You could also consider the following techniques for efficiency. One of the things that we have used is change isolation. If you think about it, we processed all the data changes in a few minutes, we did not want to spend hours validating and making it very safe. We had to balance between the safety and the speed. So one of the things that we invested in is identifying what exactly changed, and just validating it. If you think about it, the more frequent your data changes are, the less changes there would be, and less there would be to validate.

Sampling. This is very, again, similar to semantic checks. This is very data and business specific. If you can come up with a sample of data that better represents your data, then you could end up amplifying the effect of providing the coverage to such data. I'll give you an example. Knowing our data, we knew that metadata associated to a video is exactly same over different countries. So if we actually validated that data for that one particular pair of video and country, we were providing coverage for many other countries as well. We use this technique to our advantage to make our circuit breakers very efficient.

Moving on to data canaries. Like circuit breakers are like unit tests, canaries are like integration tests. Integration tests, the way they work for code is you have a set of checks that run to validate a full functionality or a use case including more than one system or application. Data canaries have the same principle.

Again, going back to the architecture picture, I just want to talk about code canneries, traditional canaries, how they work. New code and old code is deployed in two separate clusters. Each time there's a request coming through to Netflix, a copy of that request is sent to both new code and old code. While this is running, key performance metrics like memory, heap or any other thing that is important to that particular application is measured. Once the test is done, these two things are compared to see if the new code has impacted, or if the new code has degraded its measurements in any of the dimensions that were measured.

We wanted to do the same thing for our data as well.

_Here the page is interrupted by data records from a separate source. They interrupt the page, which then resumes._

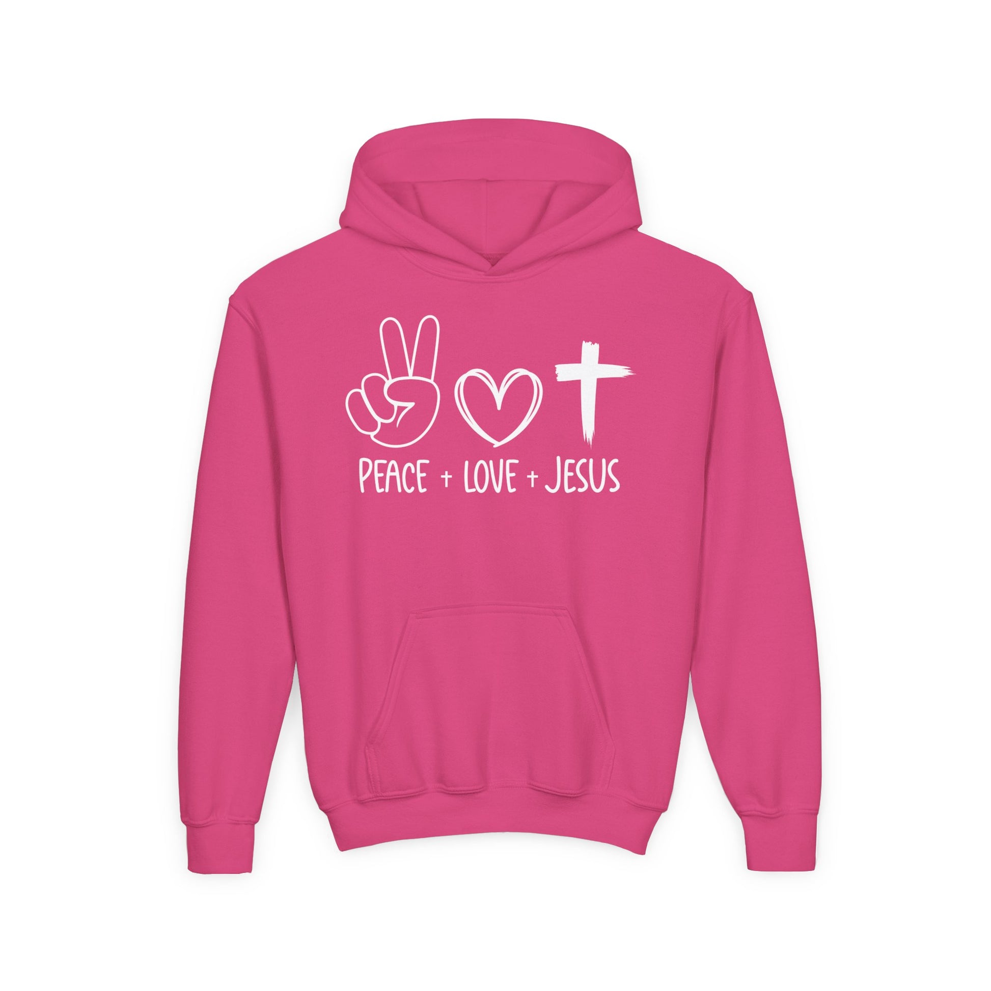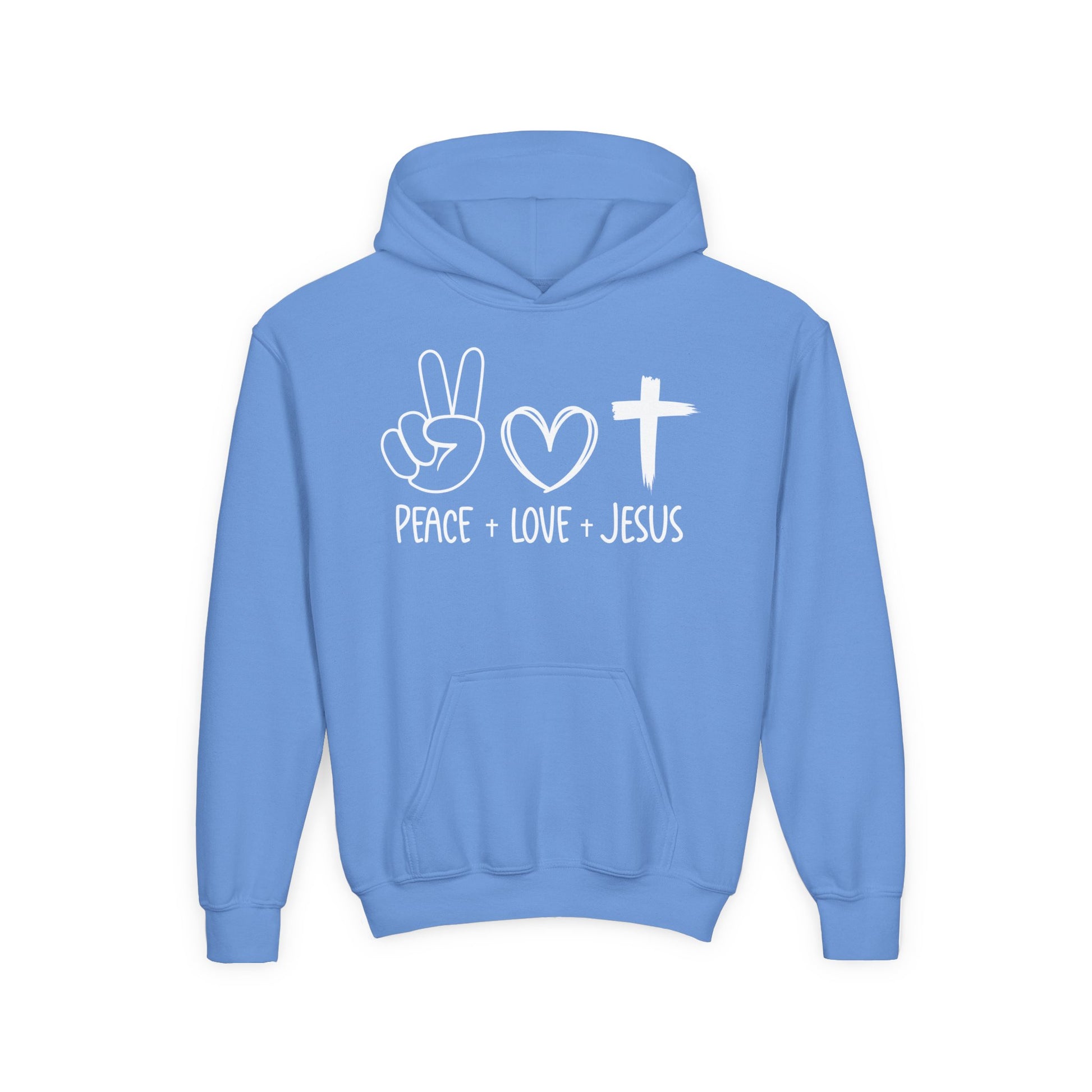 PEACE LOVE JESUS - YOUTH MEDIUM-HEAVY WEIGHT HOODIE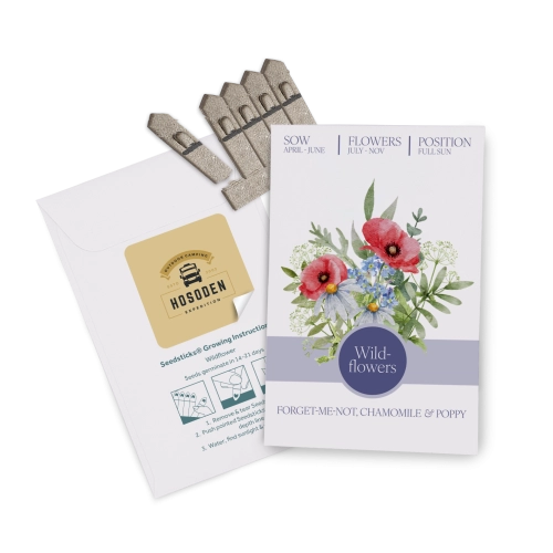 Essentials Seed Packet Envelopes - 95 x 65mm - are beautifully pre-printed, with a choice of wildflower or herb seeds. We can add your logo/branding onto a white square sticker 35 x 35mm, making it a great sustainable promotional product. Each pack icontains x5 seedsticks.Lead time is 5-7 days, for up to 1,000 units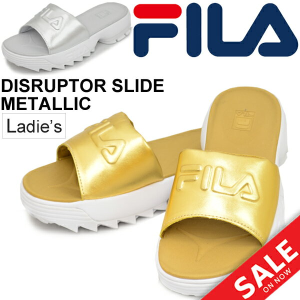 シャワーサンダル 厚底 レディース シューズ フィラ FILA ディスラプター スライド メタリック DISRUPTOR SLIDE METALLIC 女性用 スポーティー カジュアル 派手 ゴールド シルバー 婦人靴 おしゃれ かわいい スポサン 靴/F0368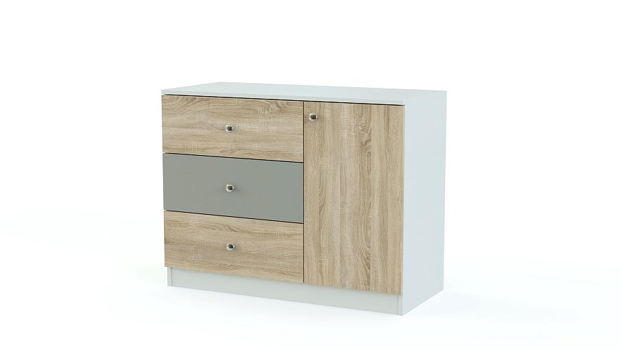 Комод Алиса 2 BMS станет незаменимым предметом меблировки современной детской. Яркая модель в нейтральных древесных тонах с серой вставкой проста по форме и удобна в эксплуатации. Комбинированный комод оборудован широкой столешницей, на которой смогут разместиться декоративные предметы, тремя выдвижными бельевыми ящиками и распашным отделением для книг, игрушек, уходовых средств и многого другого. Купить комод Алиса 2 BMS и дополнить модульный гарнитур практичной деталью вам поможет наш интернет-магазин.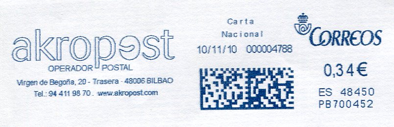 Otra: la bilbaina Akropost, esta si emplea los mismos tipos de franquedoras para cancelar sus envios, pero dependiendo de su gestión y entrega pasan por Correos o lo reparten ellos mismos. Si nos fijamos en las tres imágenes siguientes vemos las similitudes.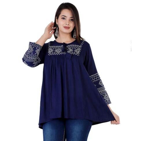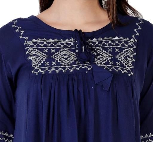 Women Embrodery Blue Top, Frock_Top,Kurti_Top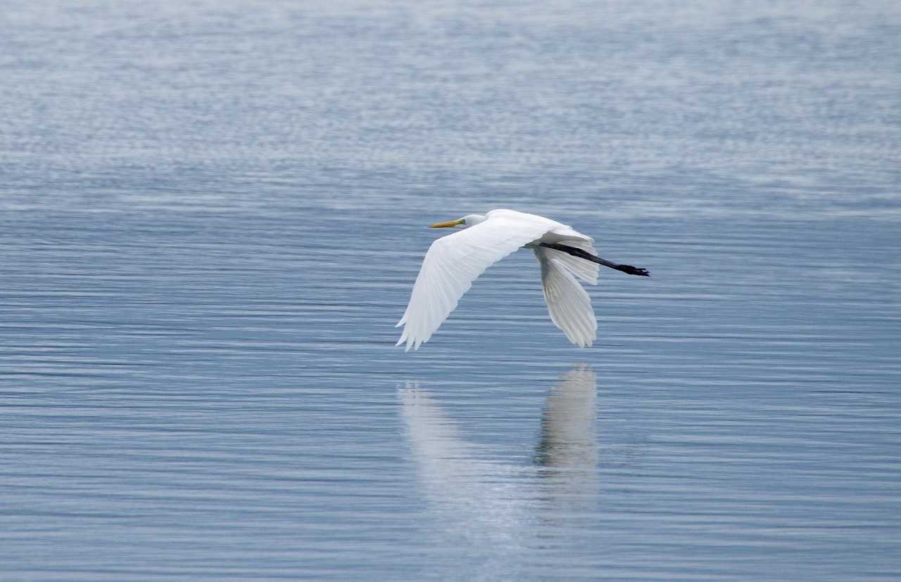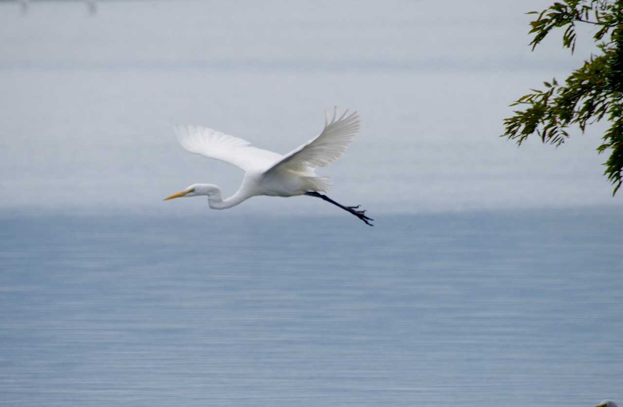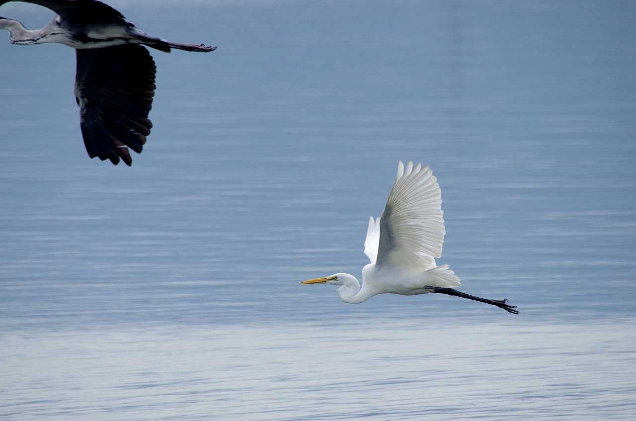 今津湾内の木に止まっていたダイサギやアオサギは潮が引いて漁が出来るまで待ち、時が来れば一斉に浅くなった場所へ急ぐ。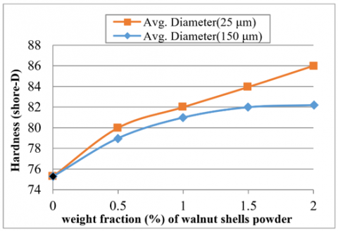 Figure 5. Hardness (shore-D) of PMMA composite specimens as a function of weight fraction content and a particles size of walnut shells powder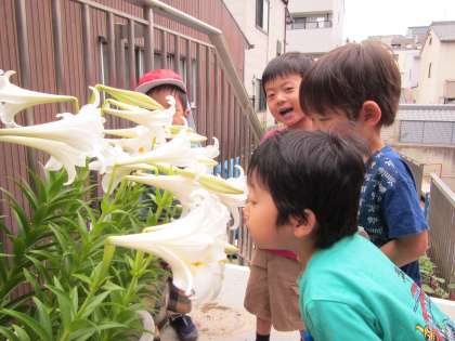 3歳児は恐竜になって園内を探検することを楽しんでいます。今日も築山の上の家でご飯を食べようと飛びながら向かっていると,その途中にユリの花がたくさん咲いているのを見つけ,「いいにおいする」と花に顔を近づけて見ていました。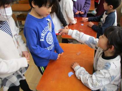 3学期の英語活動は、「ちょうちょをしょうかいしよう」です。色を英語で言いながら色カードをもらいます。お店役とお客役に分かれてやりとりを楽しんでいきます。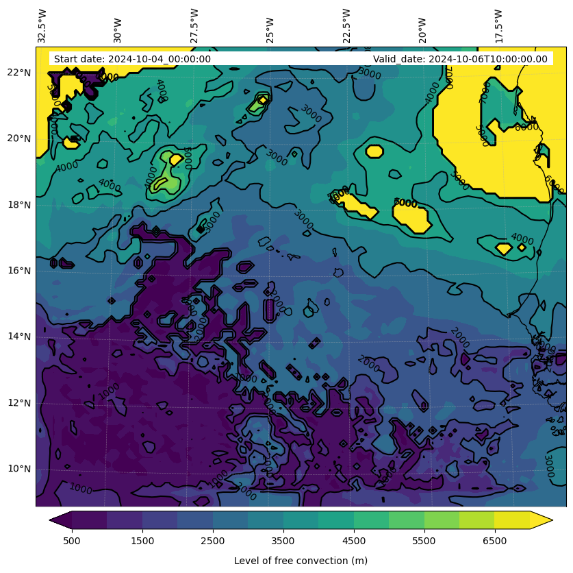 - Level of free convection (m)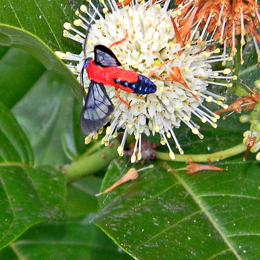 Scarlet-Bodied Wasp Moth (Cosmosoma myrodora)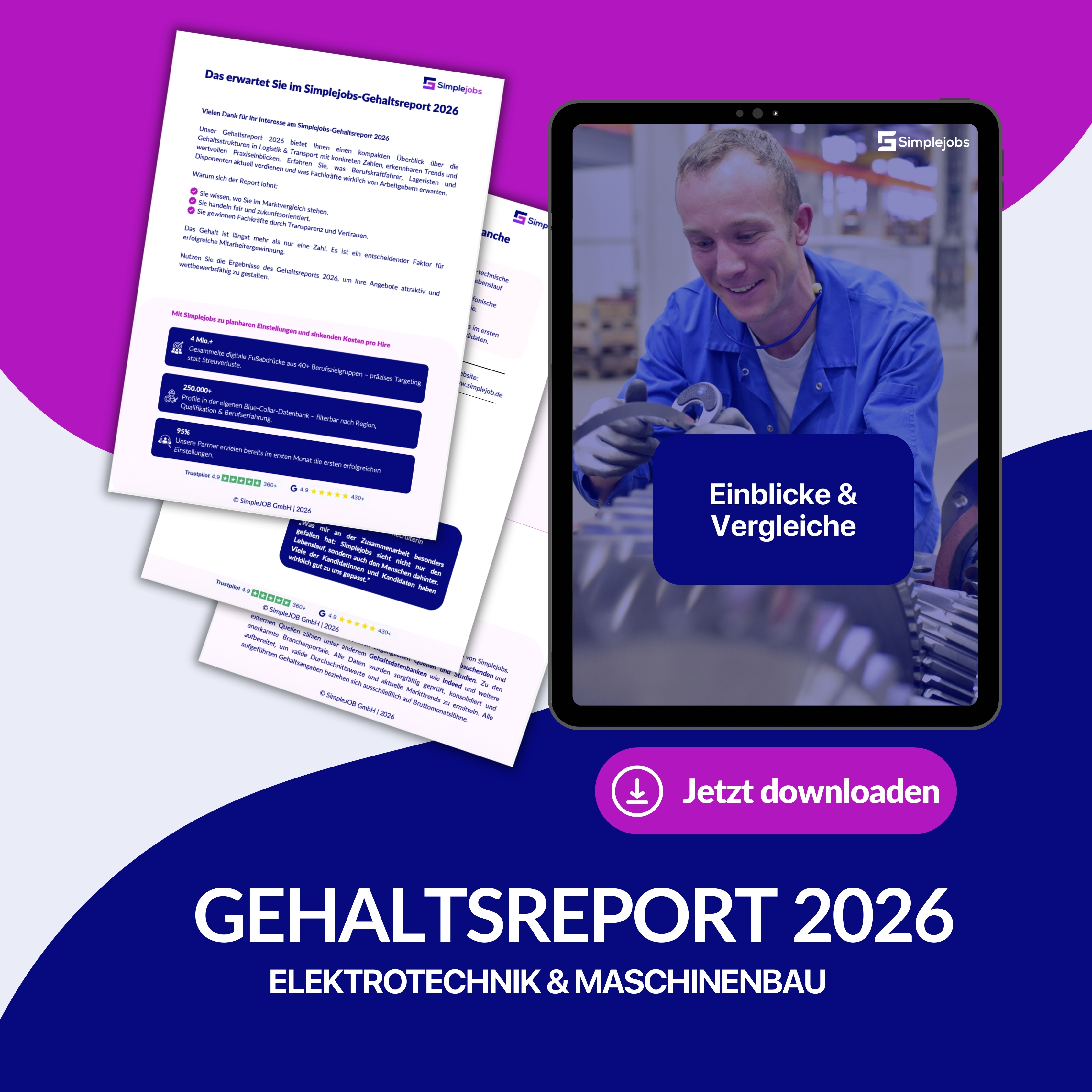 Der Gehaltsreport 2026 für Elektrotechnik & Maschinenbau von Simplejobs bietet einen umfassenden Überblick über aktuelle Gehaltsstrukturen in technischen Industrieberufen, typische Gehaltsspannen sowie Entwicklungen im Arbeitsmarkt. Die Analyse basiert auf internen Daten von über 250.000 registrierten Jobsuchenden, ergänzt durch Daten aus anerkannten Gehaltsdatenbanken und Branchenstudien.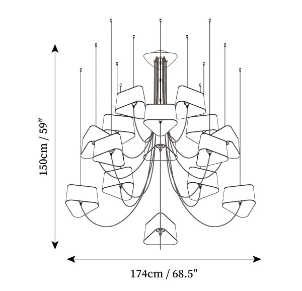 - 15 heads Size: Dia 174cm x H 150cm / ∅ 68.5″ x H 59.1″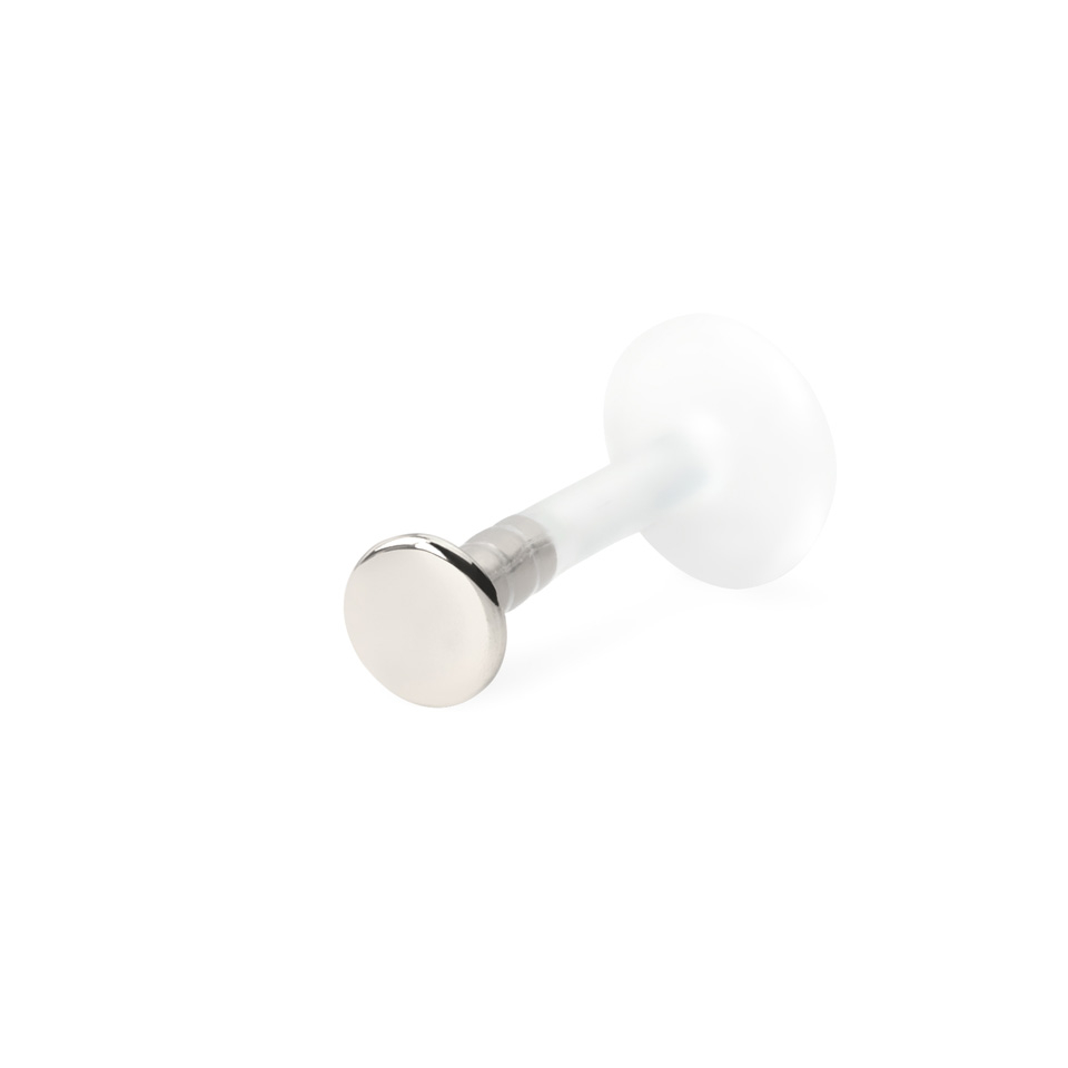 Den här labret har en push-in stud som trycks in i PTFE-staven för att stänga den. PTFE är ett lätt och flexibelt material, mycket användarvänligt, eftersom du knappt märker att du bär det. Dessutom är det nickelfritt, så det är helt säkert för allergiska personer.

What we ended up doing was once the new data becomes available and gets published to S3, instead of propagating the latest data to all applications at Netflix, we would send it to Netflix Data Canary Service. If the Data Canary Service gets the green signal, we send it to all applications. Should that be red, all applications continue to work as they were, while we go debug, fix the issue, then have good data and send it to all applications.

Let's talk a little bit about what Data Canary Service did, and how it ended up actually giving us confidence that we got from these canaries. We picked a key use case that was supported by our data. The key use case for the catalogue metadata was to play a given video, like our Netflix users would. The next thing was we picked the data that was important to us. Remember all the effectiveness and efficiency techniques that I talked about in circuit breakers case, to pick the data that was key to our business, to pick the data that changed, to pick the data that was representative of rest of the data? We used all these things, and came up with a data set that was not exhaustive, but provided very high coverage, and sent it to Netflix Data Canary Service.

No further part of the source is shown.